Sunday, August 31, 2014

When the demons start to become normal

This is a bit deep and dark for a first real post, and I promise that as soon as my corsets come in you'll be seeing a lot more of the sunshine, but I have to ask someone, somewhere. What do you do when your demons become something you just accept? What do you do when the pain you feel develops a voice and a name? How do you tell people about this darkness without them thinking you're crazy? Or asking if you need the suicide hotline? Or telling you to lighten up?

There are shadows that don't sleep. There are demons with voices like sirens that sing just quiet enough to be heard by the souls that lay awake in the night. I'm not an artist, I'm not a writer. I just wonder how others deal with their demons. That moment where you're watching a show and you hope an actor does something drastic just because you see their pain, and you know their pain, but no one else seems to see. You know the screen play is written that way, but seeing their feelings be so invisible...it enrages those demons inside of you that are always telling you how different you are. It makes them louder. It feeds them. These demons, they feed on your pain in whatever amount they can get. How do you tell someone how invisible you feel when they don't seem to see? When there's nothing to say? When you sound like a whiney 13 year old who had their toys taken away?
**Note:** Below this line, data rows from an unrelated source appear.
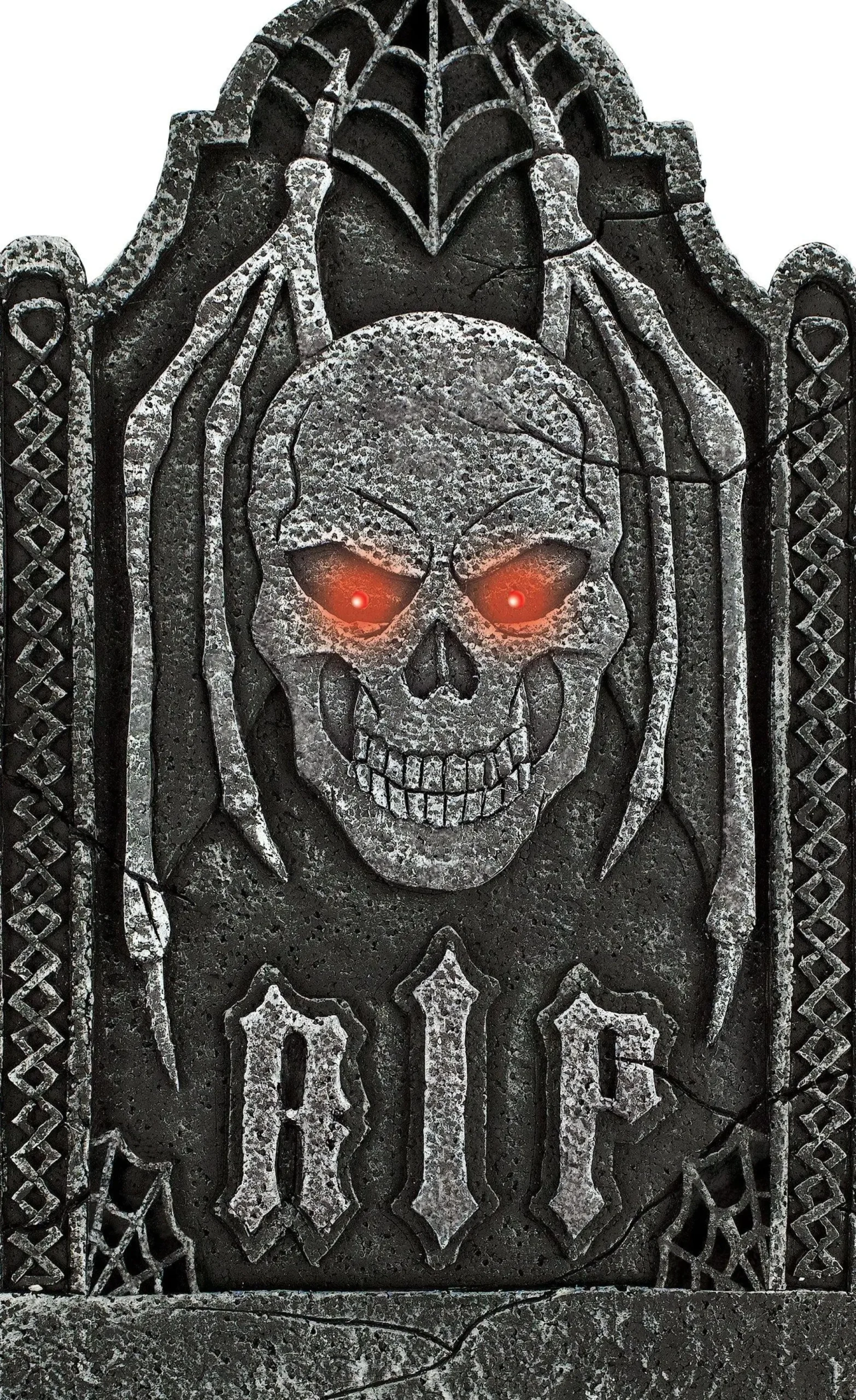 Turn Your Property Into A Haunted Graveyard With A Light-Up Evil Tombstone. The Cracked And Faded Headstone Has Glowing Red Eyes And Is Sure To Frighten Your Halloween Party Guests. Enjoy The Lightweight Foam Headstone With A Skull And Rip Engraved In It. Place It In The Yard For A Classic, Spooky Look That Your Guests Will Remember For All Eternity.
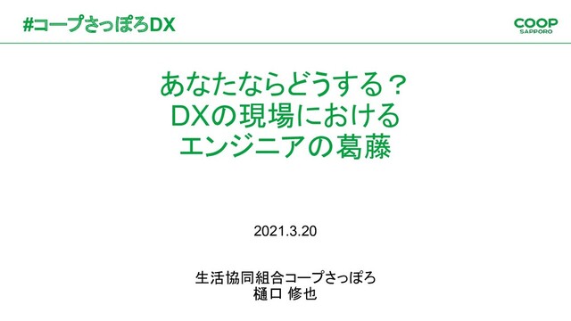 180万人以上に生活インフラを提供するコープさっぽろ。課題先進地域の北海道を変えるべくDXを開始した。AWSを活用し宅配サービス「トドック」のサイトを4ヶ月でリニューアルする。しかしエンジニアはまだいない。事業会社のスタートアップ的な挑戦に、開発途中でジョインしたエンジニアが遭遇した、リアルなDXの現場をお伝えします。
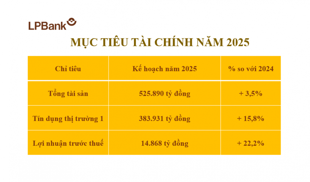 Tại báo cáo HĐQT LPBank trình ĐHĐCĐ, ngân hàng đặt mục tiêu lợi nhuận trước thuế đạt 14.868 tỷ đồng, tăng 22,2% so với kết quả thực hiện năm 2024. Đây là một trong những chỉ tiêu tăng trưởng cao trong vài năm trở lại đây, nằm trong chiến lược phát triển Ngân hàng bền vững và thận trọng, hướng tới Ngân hàng Lộc Phát của mọi nhà.
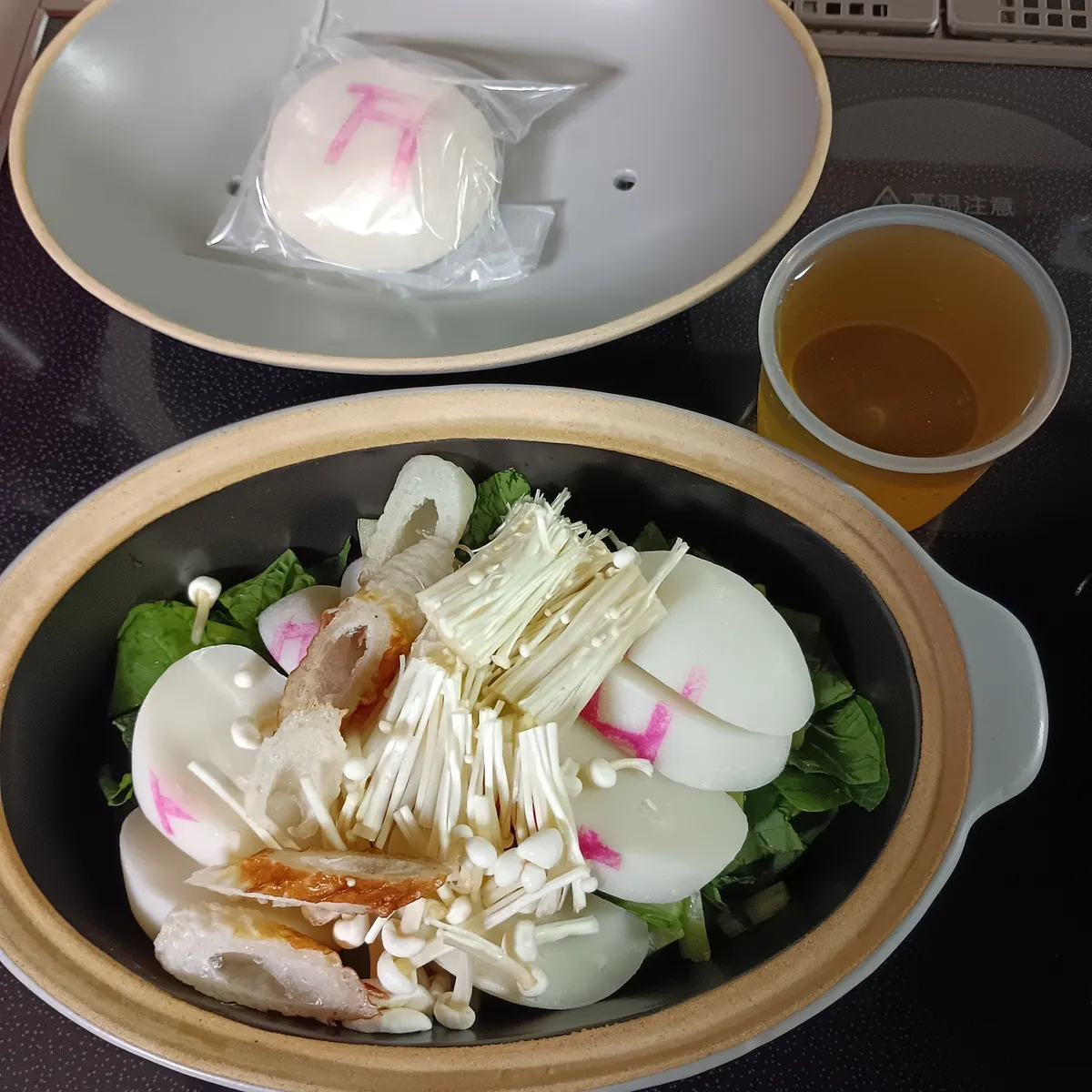 きのこ(椎茸がよかったけれど、えのきしかなくて😂)ちくわを切って入れる

I haven't found any answers. I haven't found any way to calm those demons. What I do know is that there is no way I'm alone. So at least that counts for something right?

Just so I don't feel quite so unheard I'll be posting more in a day or so about the life changes I'm currently making, but I want to tell someone how much it hurts every day to watch this living movie play out in front of me, and feel like everyone's in on a secret to smiling that I can't find.